Sigyn wird als Göttin, eine ásynja, im Buch Skáldskaparmál der Prose Edda eingeführt, wo die Götter ein großes Fest für den besuchenden Ægirveranstalten, und in Bezeichnungen für Loki: "Ehemann von Sigyn", "Ladung [Loki] von Beschwörungsfetters [Sigyns] Armen", und in einer aus dem 9. Jahrhundert stammenden Haustlöng zitierten Passage "die Last von Sigyns Armen". Die letzte Erwähnung von Sigyn im Skáldskaparmál findet sich in der Liste der ásynjur im angehängten Abschnitt Nafnaþulur, Kapitel 75.
Das Gosforth-Kreuz aus der Mitte des 11. Jahrhunderts in Cumbria, England, wurde als Darstellung verschiedener Figuren aus der nordischen Mythologie interpretiert. Der untere Teil der Westseite des Kreuzes zeigt die Darstellung einer langhaarigen, knienden Frau, die einen Gegenstand über einer anderen, gefesselten Figur hält, die auf dem Boden liegt. Über und links von ihnen ist eine verknotete Schlange zu sehen. Dies wurde als Sigyn interpretiert, die den gefesselten Loki besänftigt.
Während der Name Sigyn in altnordischen Quellen als weiblicher Personenname vorkommt (altnordisch sigr bedeutet "Sieg" und vina "Freundin"), und obwohl sie in den überlieferten Quellen weitgehend auf eine einzige Rolle beschränkt ist, taucht sie in dem skaldischen Gedicht Haustlöng aus dem 9. Jahrhundert aus heidnischer Zeit auf, das von dem Skalden Þjóðólfr von Hvinir geschrieben wurde. Aufgrund dieser frühen Verbindung mit Loki wird Sigyn als eine Gottheit angesehen, die auf eine ältere Form des germanischen Heidentums zurückgeht.
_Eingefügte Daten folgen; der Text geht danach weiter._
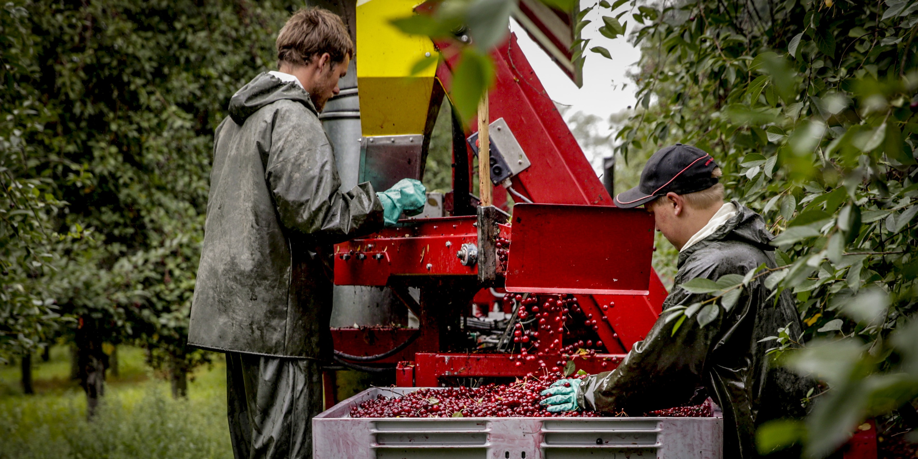 De røde kirsebær på Frederiksdal Gods dyrkes og forarbejdes til vin, saft og juice. (Pressefoto: Ingrid Riis)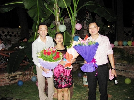 值得一提的是,在寿星们上台、发表感言、抽奖时,天上不断降落甘露,大家都以为是下雨了,不想那水有味道,是啤酒。再一看,原来是甘总一直在恶作剧。大伙都被甘总的创意逗笑了。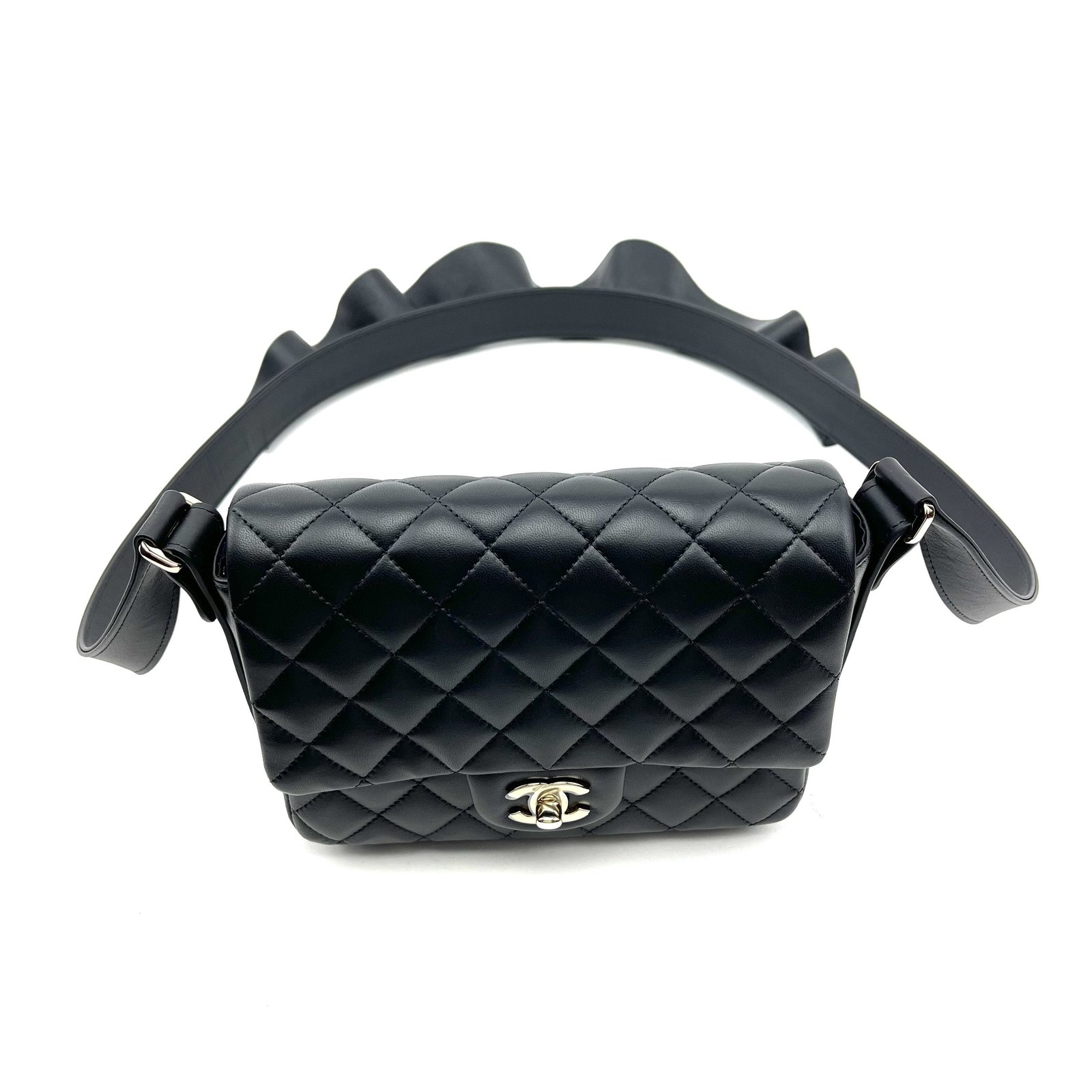 This stylish shoulder bag is beautifully crafted of diamond quilted black calfskin leather. The bag features a leather shoulder strap with a matching leather ruffle. The gold turn-lock opens to a matching leather interior with zipper and patch pockets. Includes dust cover, authenticity card, and box. Production date 2020

Die Szene von Sigyn und Loki wurde auf einer Reihe von Gemälden dargestellt, darunter "Loke och Sigyn" (1850) von Nils Blommér, "Loke och Sigyn" (1863) von Mårten Eskil Winge, "Loki och Sigyn (1879) von Oscar Wergeland und die Illustration "Loki und Sigyn; Hel mit dem Hunde Garm" (1883) von K. Ehrenberg.
In der Neuzeit wurden verschiedene Gegenstände und Orte nach Sigyn benannt, darunter die norwegischen Winterweizensorten Sigyn I und Sigyn II, eine gleichnamige Figur aus Marvel Comics (1978), das schwedische Schiff MS Sigyn, das abgebrannte Kernbrennstoffe transportiert, in Anspielung auf Sigyn, der eine Schale unter dem Gift hält, um Loki zu verschonen, und der antarktische Sigyn-Gletscher.